To do
Every line below should be copied exactly; drop the pictures.

Supplied information
%%

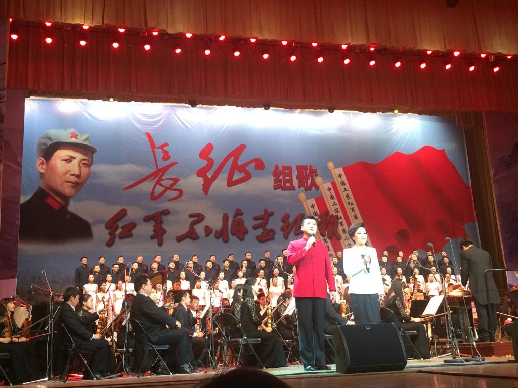 一曲《红旗颂》拉开整场音乐会序幕。红色经典史诗《长征组歌》带领观众回顾了长征艰难的历程,讴歌了中国工农红军在党中央毛主席的领导下,不屈不挠、无私无畏的革命精神,歌颂了红军指战员英勇奋战、敢于胜利的英雄气概。
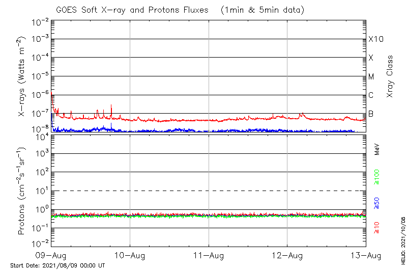 This page provides light-curves generated from GOES soft X-ray and Particle data for the date indicated at the top and the preceding three days.
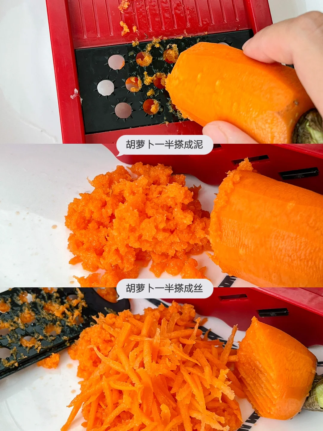 ❶胡萝卜洗净去皮,一半搽丝、一半搽泥
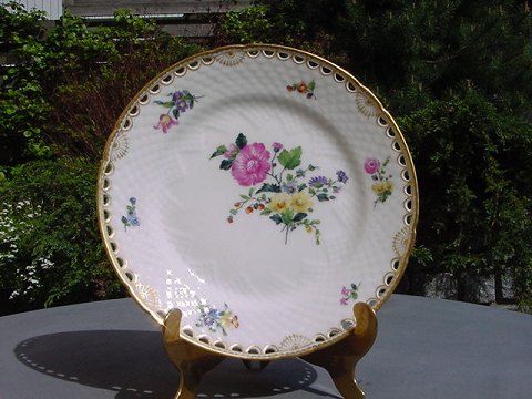 Bing & Grøndahl tallerken i Saksisk Blomst. Gennembrudt kant. Ca. 1930. Diameter: 19 cm.

%%

Output of the task
 一曲《红旗颂》拉开整场音乐会序幕。红色经典史诗《长征组歌》带领观众回顾了长征艰难的历程,讴歌了中国工农红军在党中央毛主席的领导下,不屈不挠、无私无畏的革命精神,歌颂了红军指战员英勇奋战、敢于胜利的英雄气概。
 This page provides light-curves generated from GOES soft X-ray and Particle data for the date indicated at the top and the preceding three days.
 ❶胡萝卜洗净去皮,一半搽丝、一半搽泥
 Bing & Grøndahl tallerken i Saksisk Blomst. Gennembrudt kant. Ca. 1930. Diameter: 19 cm.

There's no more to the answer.